TS: What’s the significance of the lyrics at the top of the poem?


LP: I really like the artist Mitski, she is Asian American. I remember when I heard that song for the first time I felt like it punched me in the gut, and I’m dramatic like that. I was trying to think of names to choose for myself so I ended up just chopping a part of my name. I was thinking about the imagery of chopping and if you type out Lin in any Chinese dictionary, it’ll come up with the word for forest so I felt like the imagery of chopping and forest in that song just came to my mind. I used that song as an inspiration for the forest fire metaphor, and as a tool for understanding how I navigate this time in my life.

 

Review + Analysis of "kait/lin"

by: Tanairi Sorrentini


This poem was so moving and powerful, as it featured their narrative of navigating the transition between their given name to their chosen name.
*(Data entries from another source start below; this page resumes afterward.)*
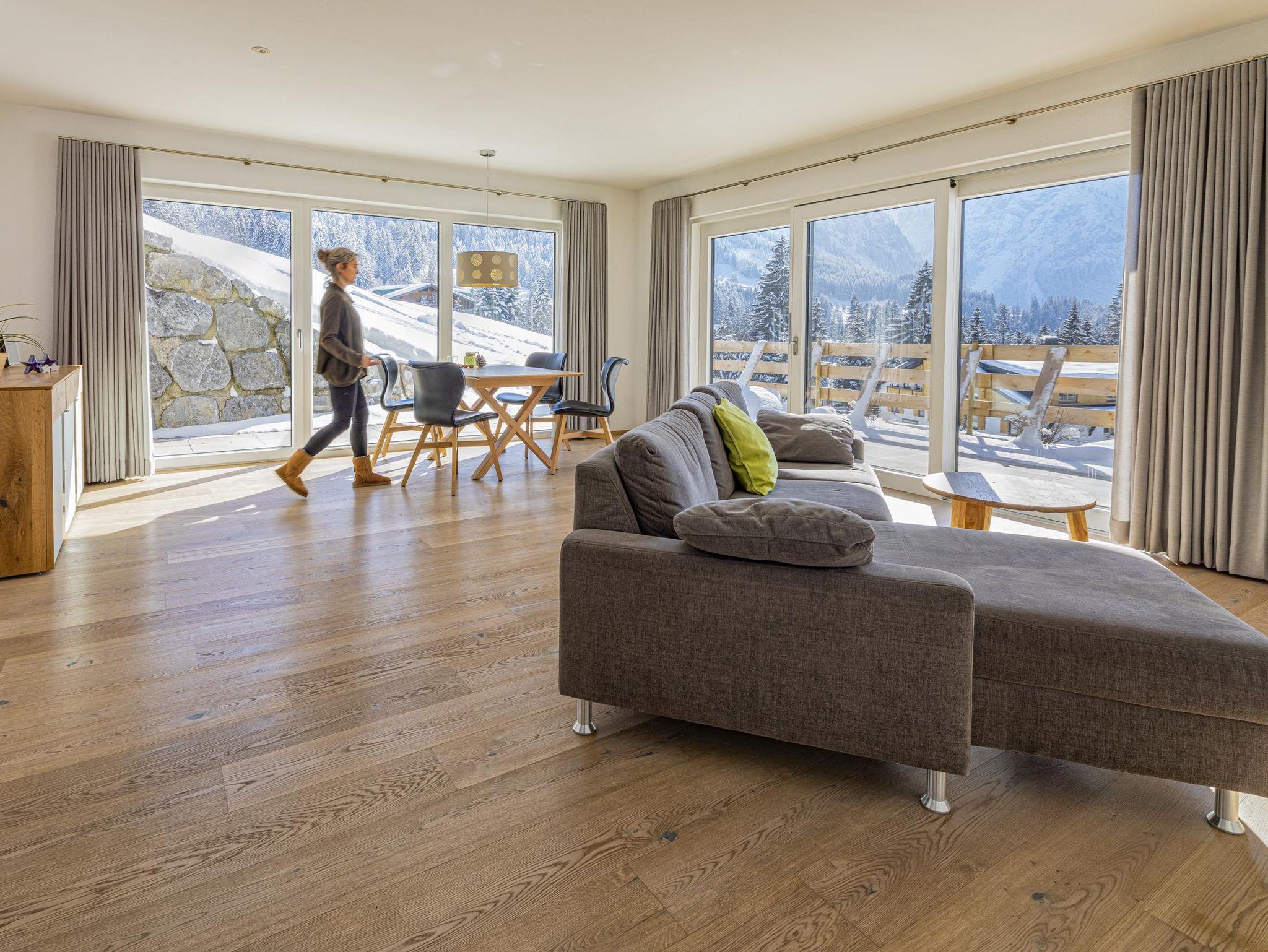 Walser Lodge, Ferienwohnung "Hammerspitze", 80 m2, EG, Terrasse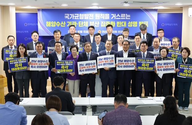 [파이낸셜경제=김예빈 기자] 전라남도의회 농수산위원회 최동익 의원(더불어민주당·여수)은 10월 15일 제394회 임시회 도의회 브리핑룸에서 '국가균형발전 원칙을 거스르는 해양수산 기관·단체 부산 집중화 반대 성명서'를 발표했다.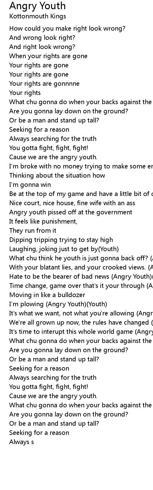 With your blatant lies, and your crooked views. (Angry Youth)(Youth)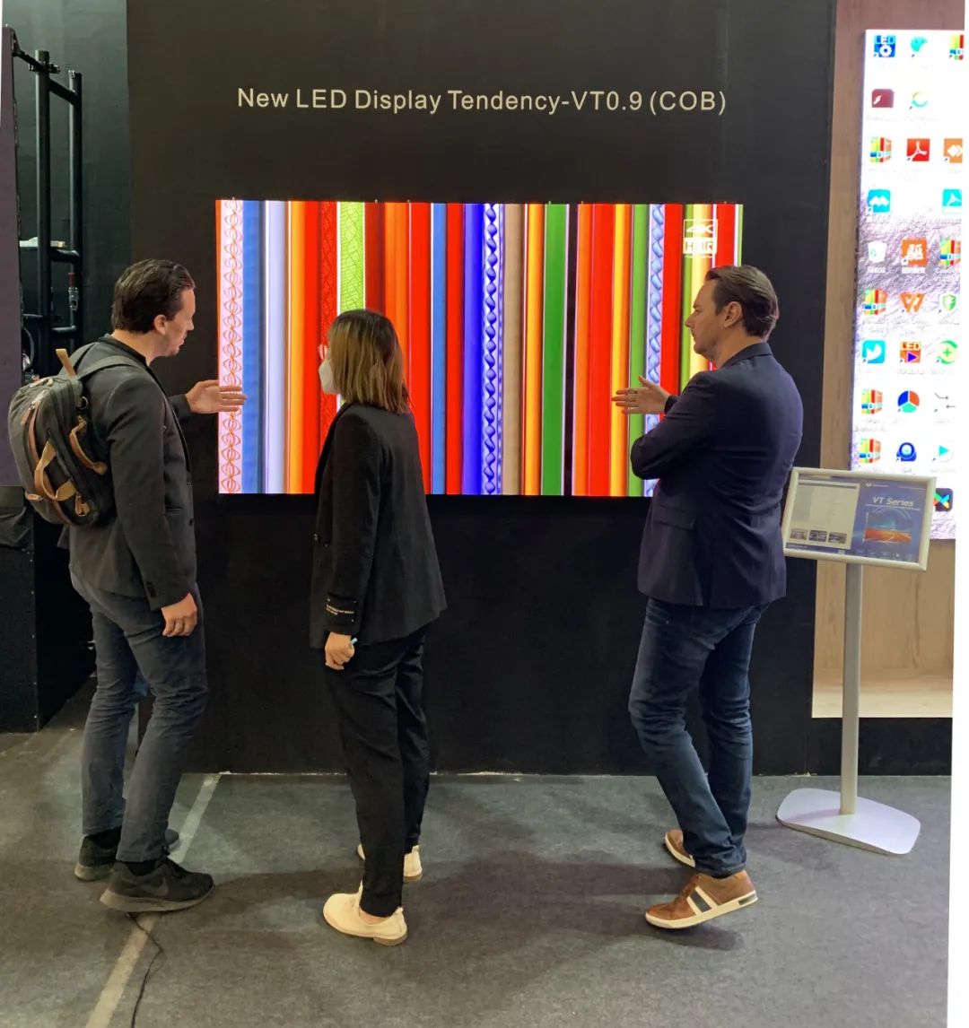 本次ISE展會(huì)聯(lián)建光電展臺(tái)上,聯(lián)建光電COB產(chǎn)品VT0.9系列以高清亮麗的畫(huà)質(zhì)吸引眾多眼球,產(chǎn)品采用聯(lián)建光電Vmini微間距顯示技術(shù),全倒裝COB封裝,擁有大于10000:1超高對(duì)比度,微米級(jí)發(fā)光芯片,可呈現(xiàn)更黑的黑場(chǎng)和更高的對(duì)比度,呈現(xiàn)出無(wú)與倫比的高清畫(huà)質(zhì)。聯(lián)建光電擁有成熟的COB微間距生產(chǎn)線,達(dá)到規(guī);慨a(chǎn),目前已獲得眾多海內(nèi)外客戶訂單。
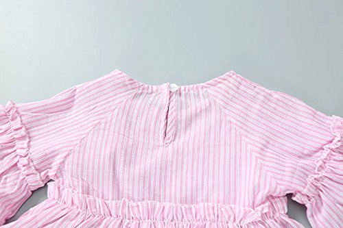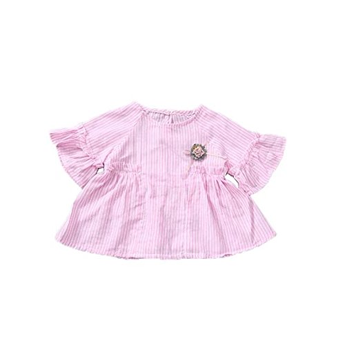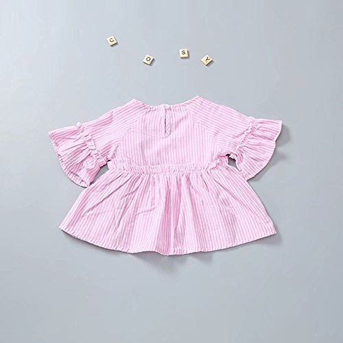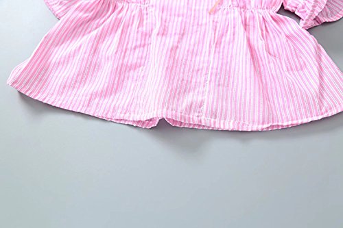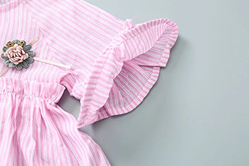 ベイビー服 ワンピース 夏女の子半袖ストライプドレス Pojour 1-6歳子供かわいいスカート 綿 通気 ピンク(80cm)

Lin moves through this poem in a beautiful way where they “pulled the girl out by the roots” and burn the name “Kaitlin” in order to reemerge as Lin, a cycle reminiscent of the mythological phoenix. The rebirth of Lin throughout the poem is supported by an incorporation of Cantonese and the overarching presence of their mother, who they seem to seek some reconciliation or common ground with. The poem seamlessly balances images of burning, forests and language, creating a statement of reclaiming identity.